Aber was genau ist diese FIRST Lego League? Es handelt sich dabei um den größten Roboter-Forschungswettbewerb weltweit. Bildung und Naturwissenschaften werden für alle zum Erlebnis. Jugendliche lösen zusammen mit einem Roboter Probleme der realen Welt und werden die Forscher von Morgen! Mit der FLL ermuntert der Bildungsveranstalter HANDS on TECHNOLOGY e.V. den Nachwuchs einerseits, sich spielerisch mit komplexer Technik auseinander zu setzen. Andererseits werden die Teilnehmenden motiviert, als Forscherinnen und Forscher von morgen, innovative Ideen zu entwickeln. Ziel ist die Förderungen von Schlüsselqualifikationen für Berufe des 21. Jahrhunderts.

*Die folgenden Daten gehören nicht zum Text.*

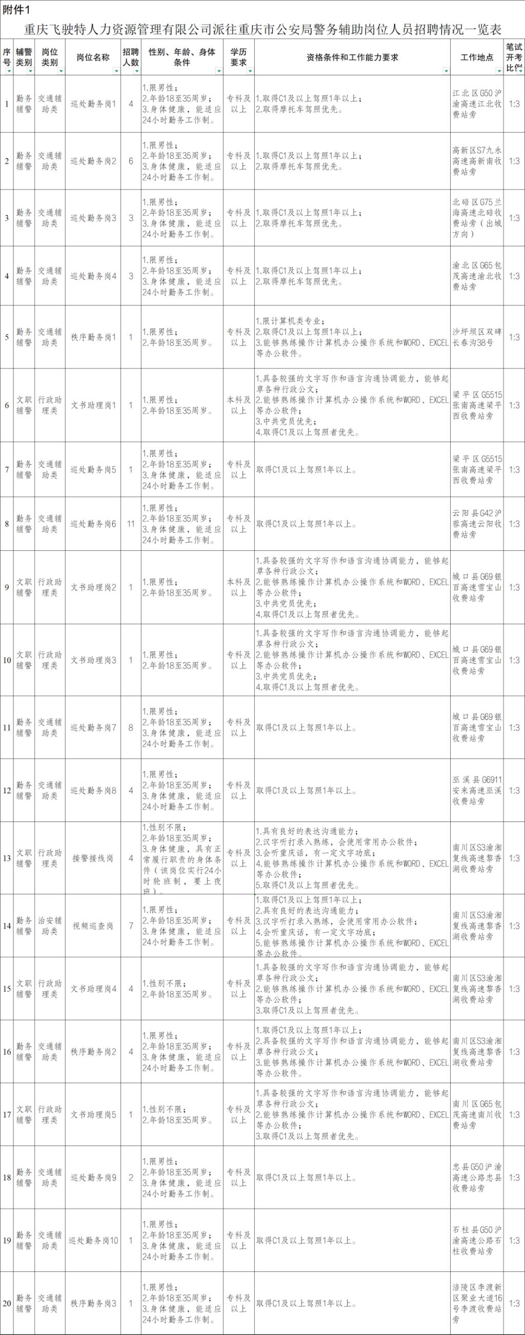 重庆飞驶特人力资源管理有限公司(以下简称飞驶特公司)采用派遣制,面向社会公开招聘99名工作人员,派往重庆市公安局从事警务辅助工作,现将有关事项公告如下:

Der internationale MINT-Wettbewerb für Kinder und Jugendliche zwischen 9 und 16 Jahren, findet bereits zum 16. Mal in der Region Zentraleuropa statt. In der Saison 2017/18 treten über 1000 Schülerteams an, um Roboter zu bauen und sich mit der weltweiten Trinkwasserversorgung zu beschäftigen, denn das Wettbewerbsmotto lautet dieses Mal “HYDRO DYNAMICS – Vorkommen, Nutzung, Lagerung und Transport von Wasser“.

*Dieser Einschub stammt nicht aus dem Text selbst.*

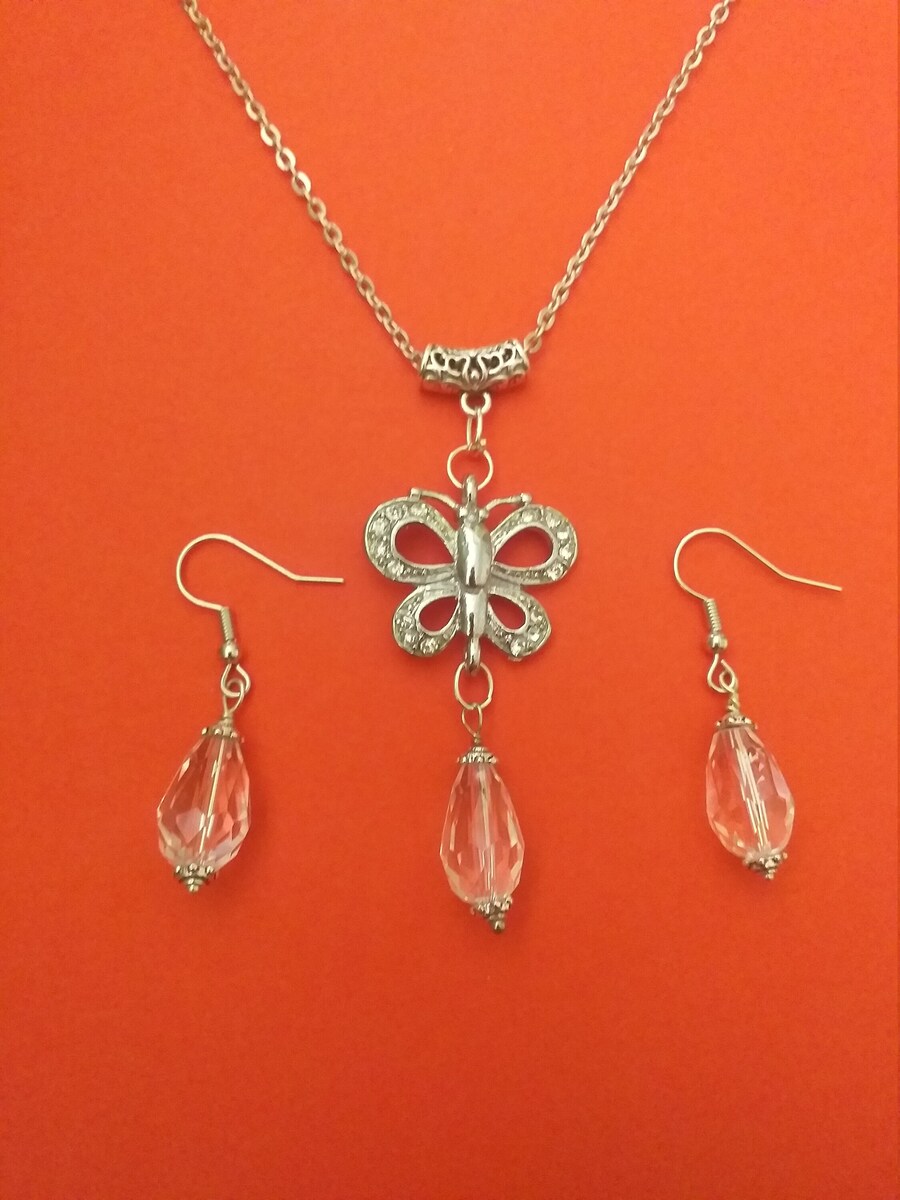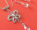 Silver Victorian set beautiful Butterfly zircons pendant and clear faceted crystal with teardrop shaped necklace and same style earrings . Bohemian necklace and earrings .

Das Bildungsprogramm FLL besteht aus zwei Elementen: Im Forschungsprojekt entwickeln die Teams innovative Ideen. Die Ergebnisse dieser Forschungs- und Recherchearbeit werden beim Wettbewerb einer Expertenjury kreativ präsentiert. Hier hat sich das Schülerteam (Julius Ide,  Jakob Beetz, Christopher Kolkmann, Moritz Eckhoff, Kilian Trueten, Henning Flath, Lukas Florenzke) den ökologischen Aspekten des Wasserverbrauchs und der Wasserverschmutzung von Toiletten gewidmet und wird ein Konzept präsentieren, das Impulse liefern soll wie diese ökologisch besser betrieben werden können.

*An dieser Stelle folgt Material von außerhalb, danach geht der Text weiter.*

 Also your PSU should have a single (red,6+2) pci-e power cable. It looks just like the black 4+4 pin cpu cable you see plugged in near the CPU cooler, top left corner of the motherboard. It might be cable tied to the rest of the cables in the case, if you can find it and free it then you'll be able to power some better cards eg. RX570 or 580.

Im technischen Teil des Wettbewerbs konstruieren alle Teams aus Sensoren, Motoren, Microprozessoren und LEGO Steinen einen autonomen Roboter, der auf einem Spielfeld möglichst viele Aufgaben lösen  soll. So müssen z.B. Gullideckel montiert, defekte Rohrleitungen ausgetauscht und Blumen automatisch bewässert werde. Dabei ist es äußerst wichtig, einen super-funktionellen Robotergrundbau in das Robot Game zu schicken den man schnellstmöglich für neue Aktionen auf dem Spielfeld umbauen kann und diesen auch noch präzise und fehlerfrei zu programmieren. „Für den Feinschliff hat das Team sogar weite Teile der Weihnachtsferien investiert“, so der betreuende Lehrer Marcus Roß stolz, „der Wettbewerb war anstrengend aber für alle ein großer Gewinn, im kommenden Jahr werden wir wieder ein Team aufstellen.“. Seit den Sommerferien wurde jeder Montag- und Mittwochnachmittag und auch die ein oder andere Stunde am Wochenende investiert um so weit zu kommen. Nun hofft das Team auf eine gute Punktzahl beim Regionalwettbewerb um auch das Semi-Finale zu erreichen.

Ergänzung: Unser Team war beim Regionalwettbewerb 2018 erfolgreich. Wir gratulieren zum 3. Platz in der Teamwertung.